[Start of section]

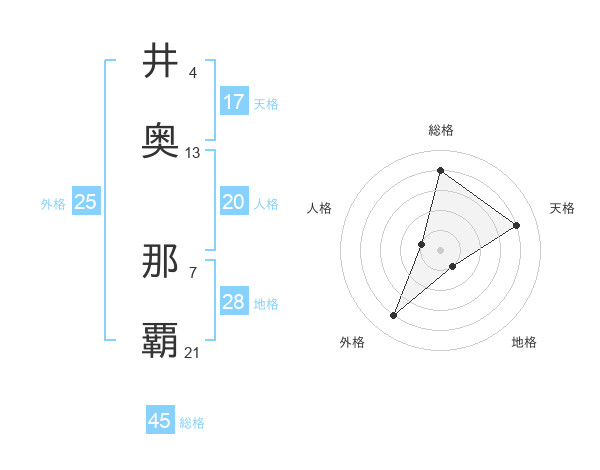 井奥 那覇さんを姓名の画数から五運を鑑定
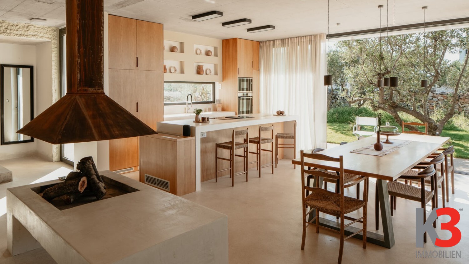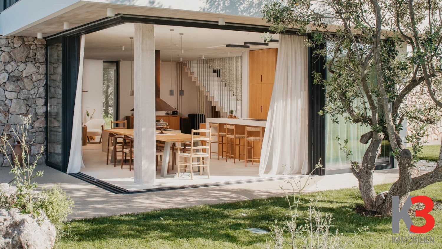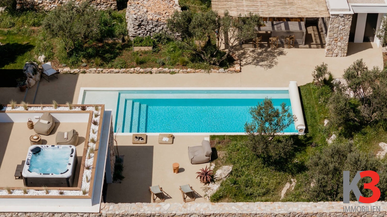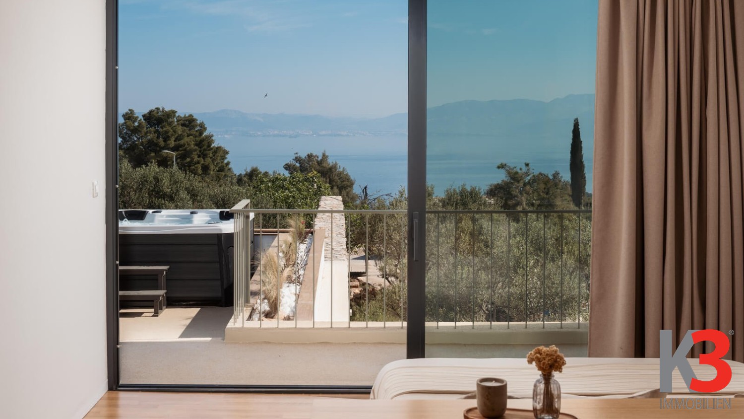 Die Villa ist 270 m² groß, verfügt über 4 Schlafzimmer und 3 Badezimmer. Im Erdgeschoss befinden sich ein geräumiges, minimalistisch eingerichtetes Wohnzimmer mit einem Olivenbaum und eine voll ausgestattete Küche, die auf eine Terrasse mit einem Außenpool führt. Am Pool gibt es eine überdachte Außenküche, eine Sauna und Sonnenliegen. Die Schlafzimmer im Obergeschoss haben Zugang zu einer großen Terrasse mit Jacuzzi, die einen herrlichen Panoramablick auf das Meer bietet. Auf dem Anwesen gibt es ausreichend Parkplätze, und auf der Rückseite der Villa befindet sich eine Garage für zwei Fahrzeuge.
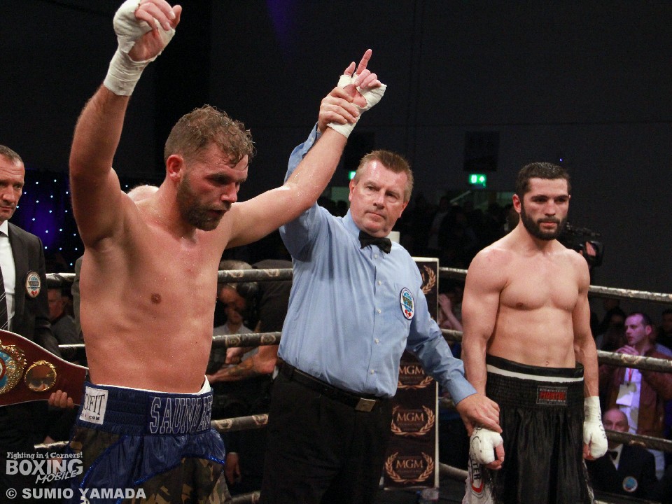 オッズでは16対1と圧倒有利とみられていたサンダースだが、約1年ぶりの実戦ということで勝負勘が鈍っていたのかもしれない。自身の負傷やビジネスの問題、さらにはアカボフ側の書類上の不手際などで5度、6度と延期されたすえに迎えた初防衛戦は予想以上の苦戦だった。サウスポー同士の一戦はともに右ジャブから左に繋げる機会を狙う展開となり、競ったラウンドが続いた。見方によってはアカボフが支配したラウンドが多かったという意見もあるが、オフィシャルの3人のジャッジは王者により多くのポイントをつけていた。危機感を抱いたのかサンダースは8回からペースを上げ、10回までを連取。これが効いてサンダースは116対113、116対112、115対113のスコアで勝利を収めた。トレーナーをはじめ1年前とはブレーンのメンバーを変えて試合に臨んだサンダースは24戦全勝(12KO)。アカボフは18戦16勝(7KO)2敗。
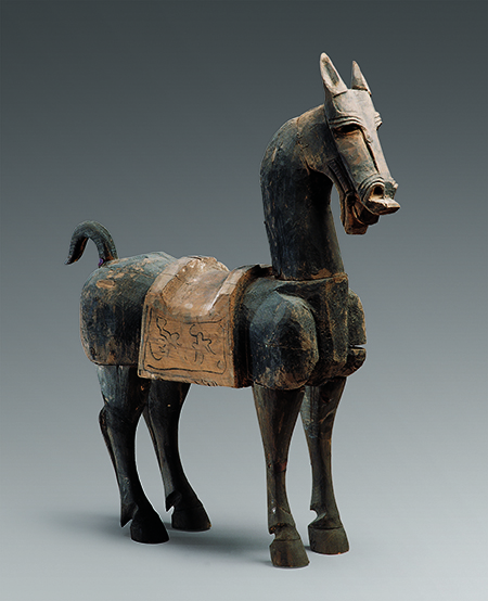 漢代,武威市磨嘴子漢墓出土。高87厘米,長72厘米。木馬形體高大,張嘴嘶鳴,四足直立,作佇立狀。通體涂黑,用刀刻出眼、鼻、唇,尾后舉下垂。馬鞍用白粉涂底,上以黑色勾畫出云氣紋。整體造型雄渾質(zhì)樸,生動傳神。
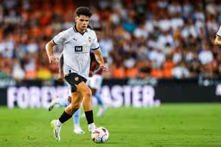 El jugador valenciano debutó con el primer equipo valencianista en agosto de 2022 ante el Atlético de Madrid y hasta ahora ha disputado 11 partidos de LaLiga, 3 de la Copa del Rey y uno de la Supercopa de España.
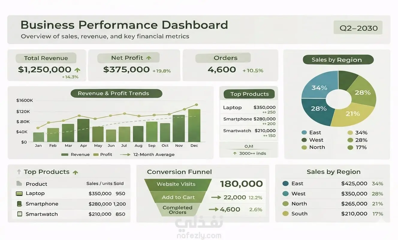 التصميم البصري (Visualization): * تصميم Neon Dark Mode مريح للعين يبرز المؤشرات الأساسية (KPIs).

[End of section]

* **ABOUT THIS EXERCISE**
Give the entries above again, exactly as written and free of images.

* **RESPONSE**
 井奥 那覇さんを姓名の画数から五運を鑑定
 Die Villa ist 270 m² groß, verfügt über 4 Schlafzimmer und 3 Badezimmer. Im Erdgeschoss befinden sich ein geräumiges, minimalistisch eingerichtetes Wohnzimmer mit einem Olivenbaum und eine voll ausgestattete Küche, die auf eine Terrasse mit einem Außenpool führt. Am Pool gibt es eine überdachte Außenküche, eine Sauna und Sonnenliegen. Die Schlafzimmer im Obergeschoss haben Zugang zu einer großen Terrasse mit Jacuzzi, die einen herrlichen Panoramablick auf das Meer bietet. Auf dem Anwesen gibt es ausreichend Parkplätze, und auf der Rückseite der Villa befindet sich eine Garage für zwei Fahrzeuge.
 オッズでは16対1と圧倒有利とみられていたサンダースだが、約1年ぶりの実戦ということで勝負勘が鈍っていたのかもしれない。自身の負傷やビジネスの問題、さらにはアカボフ側の書類上の不手際などで5度、6度と延期されたすえに迎えた初防衛戦は予想以上の苦戦だった。サウスポー同士の一戦はともに右ジャブから左に繋げる機会を狙う展開となり、競ったラウンドが続いた。見方によってはアカボフが支配したラウンドが多かったという意見もあるが、オフィシャルの3人のジャッジは王者により多くのポイントをつけていた。危機感を抱いたのかサンダースは8回からペースを上げ、10回までを連取。これが効いてサンダースは116対113、116対112、115対113のスコアで勝利を収めた。トレーナーをはじめ1年前とはブレーンのメンバーを変えて試合に臨んだサンダースは24戦全勝(12KO)。アカボフは18戦16勝(7KO)2敗。
 漢代,武威市磨嘴子漢墓出土。高87厘米,長72厘米。木馬形體高大,張嘴嘶鳴,四足直立,作佇立狀。通體涂黑,用刀刻出眼、鼻、唇,尾后舉下垂。馬鞍用白粉涂底,上以黑色勾畫出云氣紋。整體造型雄渾質(zhì)樸,生動傳神。
 El jugador valenciano debutó con el primer equipo valencianista en agosto de 2022 ante el Atlético de Madrid y hasta ahora ha disputado 11 partidos de LaLiga, 3 de la Copa del Rey y uno de la Supercopa de España.
 التصميم البصري (Visualization): * تصميم Neon Dark Mode مريح للعين يبرز المؤشرات الأساسية (KPIs).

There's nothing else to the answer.